= Judy Fortin =

Judy Fortin (born 1961) is executive director of communications for UCLA Health in Los Angeles, California. Previously, she served as senior director of communications from 2013 to 2019 for Winship Cancer Institute of Emory University in Atlanta, Georgia. From 2011–2013, she was national director of media relations for the American Cancer Society.

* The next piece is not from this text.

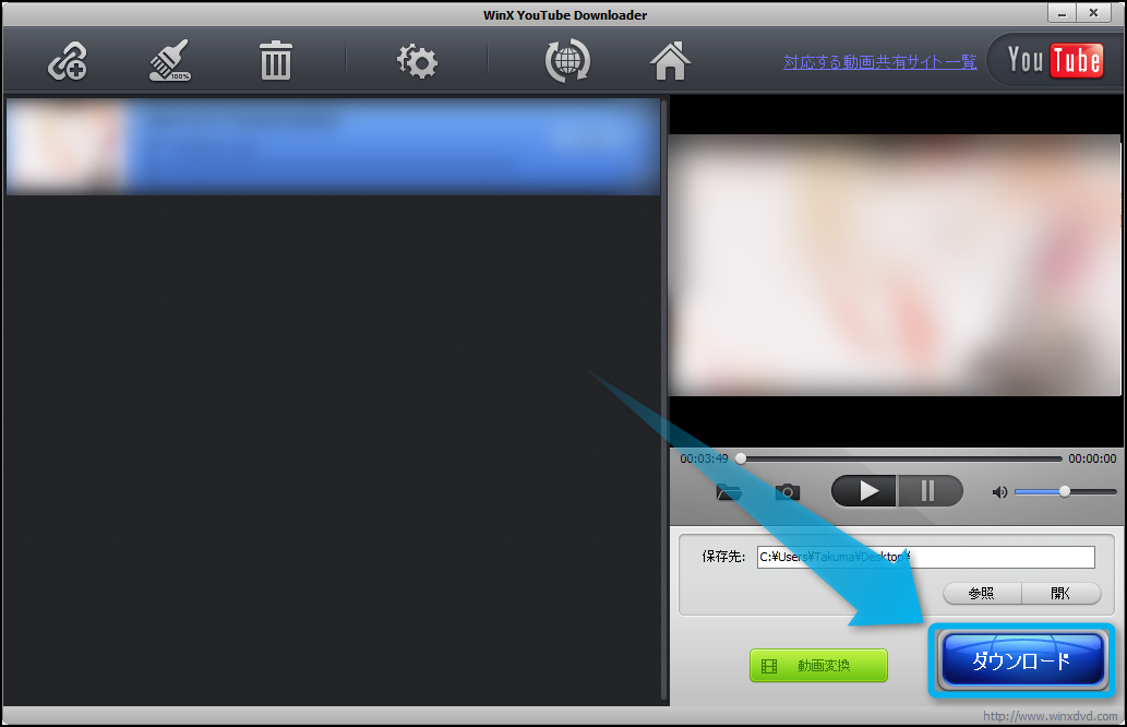 使い方はWinX YouTube Downaloderとほぼ同じだね。

== Early life and education ==
Fortin was born on October 7, 1961, in Hanover, New Hampshire. After graduating from Concord High School, she attended Bowdoin College in Brunswick, Maine. She earned a Bachelor of Arts degree in government and French in 1983.

== Career ==
Fortin began her broadcast career in Plymouth, New Hampshire, where she started out as an announcer and then news director at WPNH AM/FM Radio. From January 1986 until June 1989, she was a weekend anchor and general assignment reporter for WMUR-TV in Manchester. Prior to joining CNN, Fortin worked as a general assignment reporter for WCVB-TV in Boston.

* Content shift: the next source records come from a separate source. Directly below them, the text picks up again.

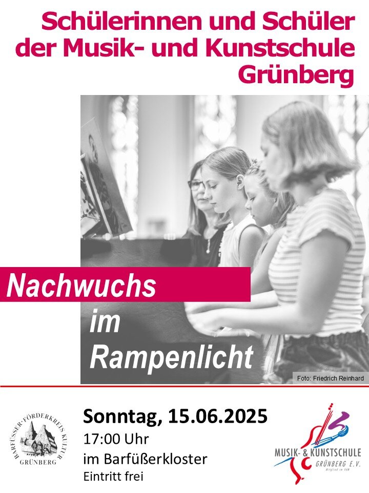 Schülerinnen und Schüler der Musik- und Kunstschule Grünberg zeigen ihr musikalisches Können – und das ist beachtlich. Sie tragen sowohl moderne Kompositionen vor, bekannt aus Film und Fernsehen, als auch traditionelle klassische Werke wie zum Beispiel von J. S. Bach. Ebenso gibt es einen Ausflug in den Bereich des Jazz. Das Publikum kann gespannt sein auf ein vielfältiges Programm des Grünberger musikalischen Nachwuchses.
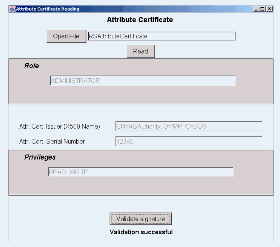 The Role Specification Attribute Certificate could contain privileges as plaintext or XML files, while field RSACHolder is of String type. In our application, RAAC has been implemented in package jace1.*, while RSAC has been implemented in package jace2.*.
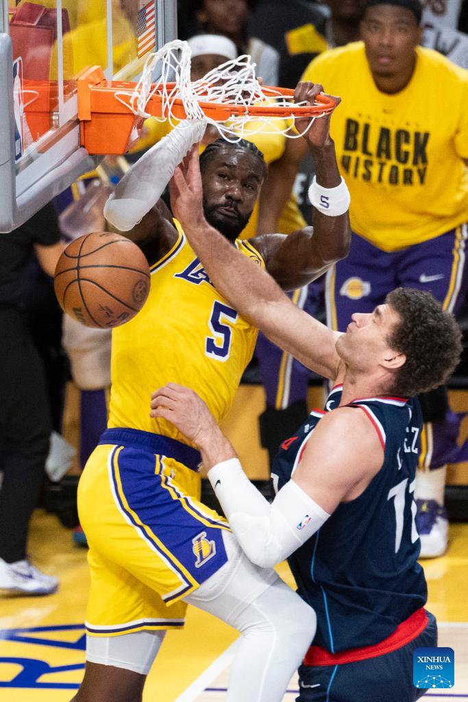 Los Angeles Lakers' Deandre Ayton (L) dunks against Los Angeles Clippers' Brook Lopez during the 2025-2026 NBA regular season basketball game between Los Angeles Lakers and Los Angeles Clippers in Los Angeles, the United States, Feb. 20, 2026. (Photo by Ringo Chiu/Xinhua)

From 1990 to 2006, she anchored CNN Headline News. She also served as a national correspondent for CNN Newsource, a news service used by local affiliate stations. In 2006, Fortin became a correspondent for the award-winning CNN Medical Unit. Fortin received an Excellence in Media Award in 2009 from the National Marrow Donor Program and in 2008, a MORE Award for reporting excellence from the American Academy of Orthopaedic Surgeons. She is the recipient of a national Emmy Award for CNN group coverage of the Oklahoma City bombing in 1995.